- The data -

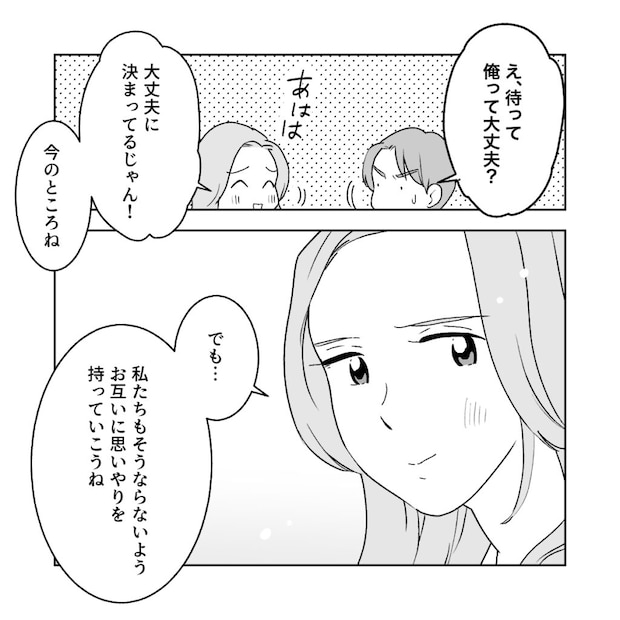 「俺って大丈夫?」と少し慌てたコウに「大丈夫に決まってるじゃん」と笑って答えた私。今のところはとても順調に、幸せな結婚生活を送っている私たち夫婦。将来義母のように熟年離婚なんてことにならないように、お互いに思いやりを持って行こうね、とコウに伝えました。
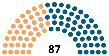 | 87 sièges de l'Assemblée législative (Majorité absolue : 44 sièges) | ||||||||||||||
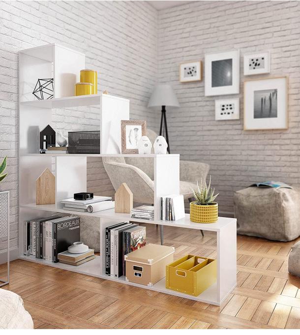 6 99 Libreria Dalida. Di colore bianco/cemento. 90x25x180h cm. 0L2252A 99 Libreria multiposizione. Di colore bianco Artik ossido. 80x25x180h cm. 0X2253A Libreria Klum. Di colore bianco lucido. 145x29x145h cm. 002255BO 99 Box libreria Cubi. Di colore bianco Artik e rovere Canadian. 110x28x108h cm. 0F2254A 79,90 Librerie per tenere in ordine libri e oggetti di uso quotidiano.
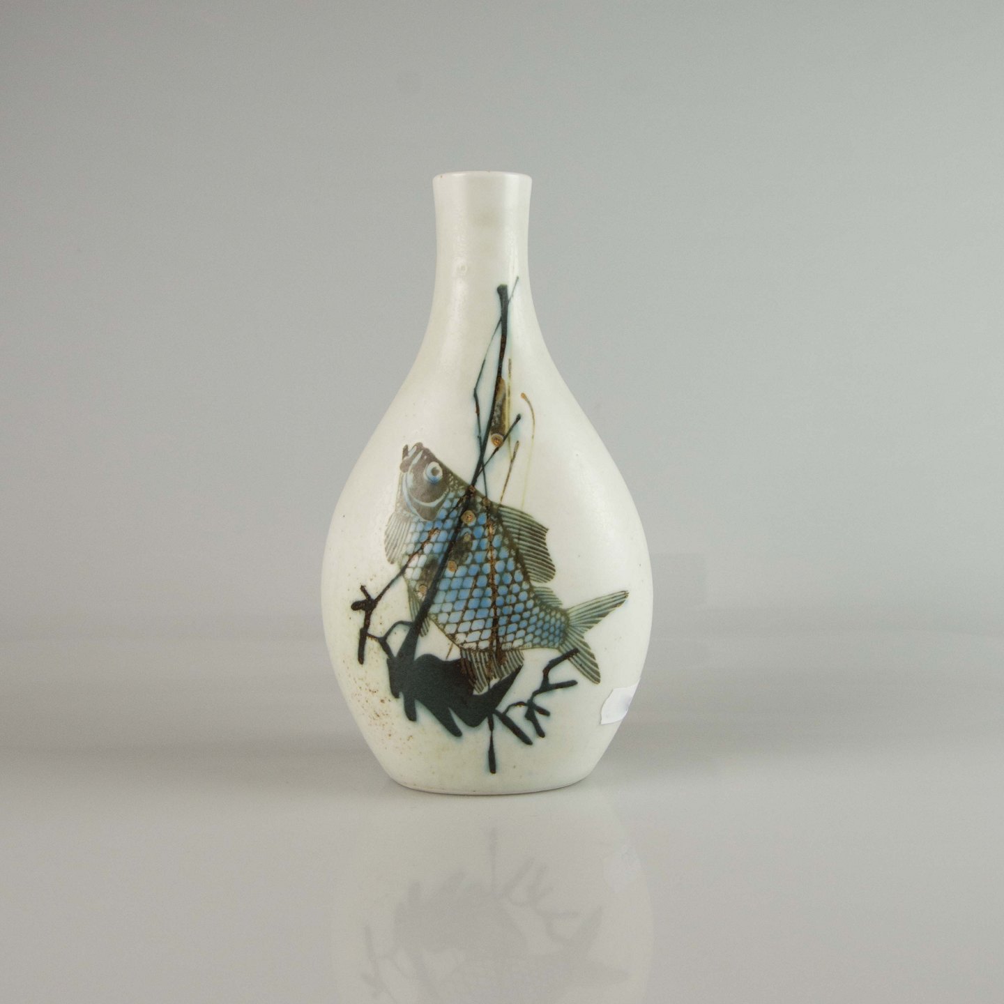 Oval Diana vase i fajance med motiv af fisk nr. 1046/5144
--
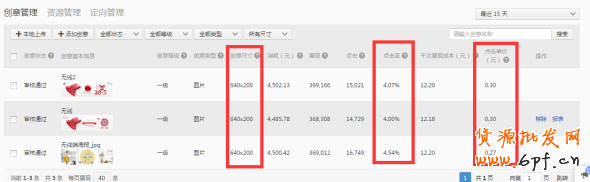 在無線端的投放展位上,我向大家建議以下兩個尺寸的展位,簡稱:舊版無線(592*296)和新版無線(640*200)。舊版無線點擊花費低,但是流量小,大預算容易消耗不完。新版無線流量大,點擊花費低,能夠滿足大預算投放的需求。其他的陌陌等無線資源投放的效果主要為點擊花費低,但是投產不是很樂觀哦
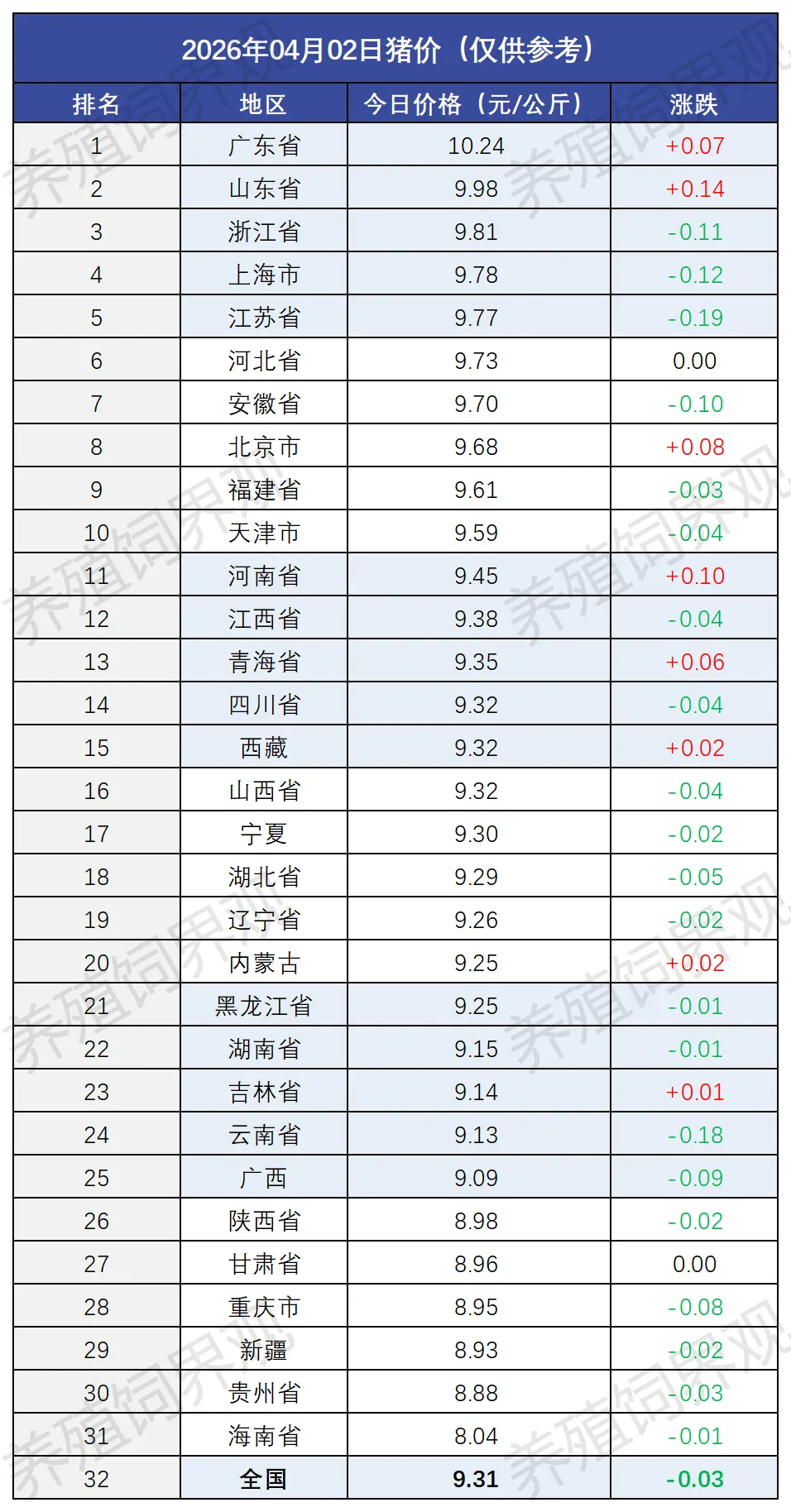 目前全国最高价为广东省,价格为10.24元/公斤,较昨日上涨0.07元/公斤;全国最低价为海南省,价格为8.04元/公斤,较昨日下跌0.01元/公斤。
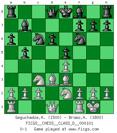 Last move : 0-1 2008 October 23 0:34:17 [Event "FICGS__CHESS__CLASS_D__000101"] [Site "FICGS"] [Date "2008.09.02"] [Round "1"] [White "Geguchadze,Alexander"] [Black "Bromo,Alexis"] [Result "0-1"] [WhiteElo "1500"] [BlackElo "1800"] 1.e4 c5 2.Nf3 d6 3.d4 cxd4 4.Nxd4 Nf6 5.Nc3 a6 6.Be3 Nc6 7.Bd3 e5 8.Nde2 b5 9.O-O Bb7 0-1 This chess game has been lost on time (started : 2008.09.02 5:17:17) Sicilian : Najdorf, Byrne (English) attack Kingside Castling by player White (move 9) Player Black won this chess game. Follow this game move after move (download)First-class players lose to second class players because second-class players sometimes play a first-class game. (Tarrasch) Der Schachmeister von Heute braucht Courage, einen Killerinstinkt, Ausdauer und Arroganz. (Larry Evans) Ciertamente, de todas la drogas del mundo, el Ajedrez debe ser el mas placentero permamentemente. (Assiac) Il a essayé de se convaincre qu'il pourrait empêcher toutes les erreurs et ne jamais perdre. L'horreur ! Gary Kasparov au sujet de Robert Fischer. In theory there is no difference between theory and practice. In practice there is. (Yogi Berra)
...
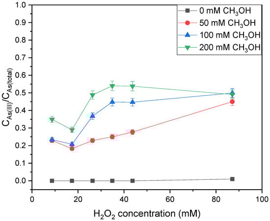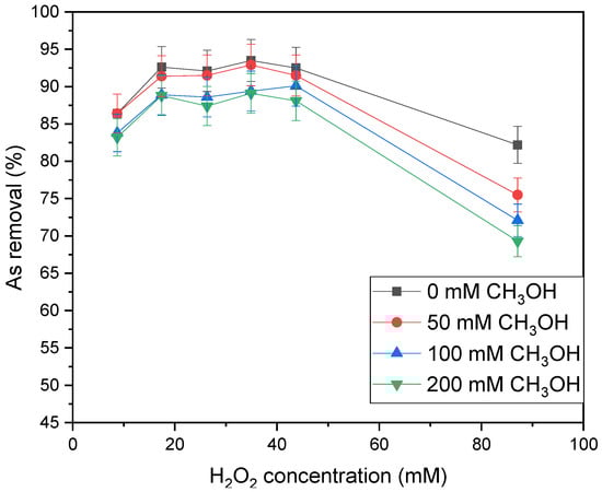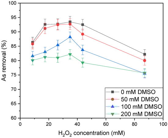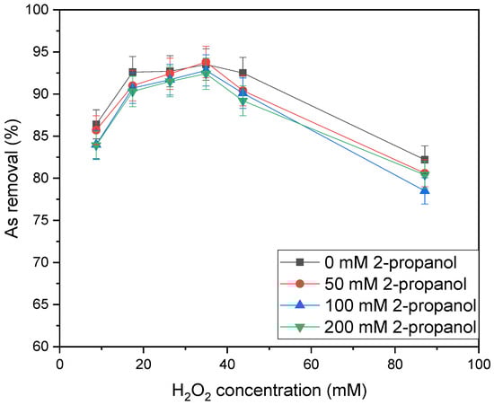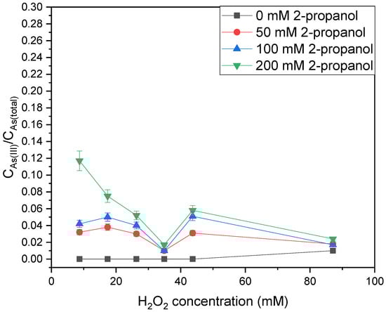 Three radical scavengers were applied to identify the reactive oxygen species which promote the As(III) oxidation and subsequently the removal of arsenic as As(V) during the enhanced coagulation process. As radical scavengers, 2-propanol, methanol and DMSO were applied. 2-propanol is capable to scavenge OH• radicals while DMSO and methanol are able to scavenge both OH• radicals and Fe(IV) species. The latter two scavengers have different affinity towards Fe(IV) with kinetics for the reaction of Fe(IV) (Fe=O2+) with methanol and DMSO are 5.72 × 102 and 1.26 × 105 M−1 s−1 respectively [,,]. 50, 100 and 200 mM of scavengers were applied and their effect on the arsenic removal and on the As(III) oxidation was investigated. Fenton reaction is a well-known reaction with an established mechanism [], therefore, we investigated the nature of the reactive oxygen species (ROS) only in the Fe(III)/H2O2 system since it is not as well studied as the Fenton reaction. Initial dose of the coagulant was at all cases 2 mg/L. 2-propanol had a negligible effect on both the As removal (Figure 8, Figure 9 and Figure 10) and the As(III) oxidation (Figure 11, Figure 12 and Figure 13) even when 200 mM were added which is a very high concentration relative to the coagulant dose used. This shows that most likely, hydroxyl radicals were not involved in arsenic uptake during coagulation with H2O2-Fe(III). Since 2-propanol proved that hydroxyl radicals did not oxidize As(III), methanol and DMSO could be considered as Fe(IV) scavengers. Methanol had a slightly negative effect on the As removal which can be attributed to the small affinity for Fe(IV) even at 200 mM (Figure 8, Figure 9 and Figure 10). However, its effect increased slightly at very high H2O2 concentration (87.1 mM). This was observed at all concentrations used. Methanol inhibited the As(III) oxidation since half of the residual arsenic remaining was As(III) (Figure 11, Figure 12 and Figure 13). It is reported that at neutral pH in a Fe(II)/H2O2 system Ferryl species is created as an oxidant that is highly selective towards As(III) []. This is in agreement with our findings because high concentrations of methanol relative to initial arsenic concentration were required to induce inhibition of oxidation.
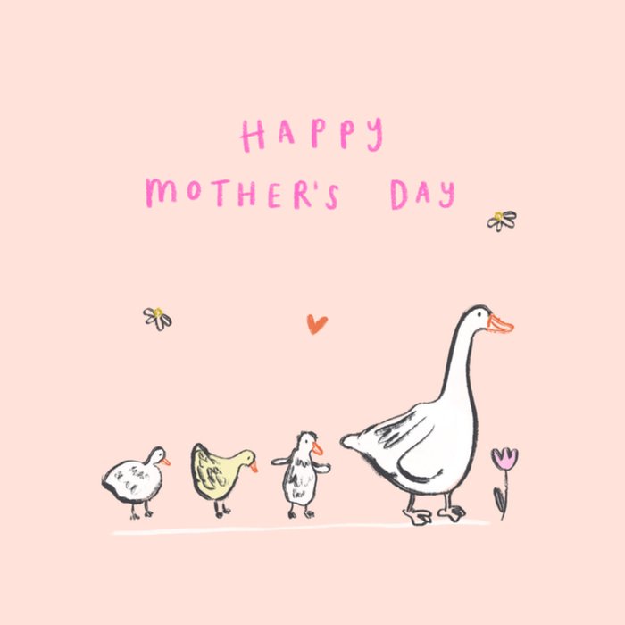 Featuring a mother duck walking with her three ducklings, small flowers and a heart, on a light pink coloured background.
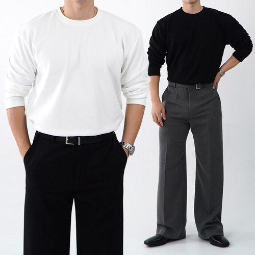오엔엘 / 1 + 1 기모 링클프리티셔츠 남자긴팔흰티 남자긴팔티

- Problem to solve -
The expected output is the lines above from the one containing "在無線端的投放展位上,我向大" to the one containing "目前全国最高价为广东省,价格", both ends included, reproduced exactly with every picture left out.

- Task answer -
 在無線端的投放展位上,我向大家建議以下兩個尺寸的展位,簡稱:舊版無線(592*296)和新版無線(640*200)。舊版無線點擊花費低,但是流量小,大預算容易消耗不完。新版無線流量大,點擊花費低,能夠滿足大預算投放的需求。其他的陌陌等無線資源投放的效果主要為點擊花費低,但是投產不是很樂觀哦
 目前全国最高价为广东省,价格为10.24元/公斤,较昨日上涨0.07元/公斤;全国最低价为海南省,价格为8.04元/公斤,较昨日下跌0.01元/公斤。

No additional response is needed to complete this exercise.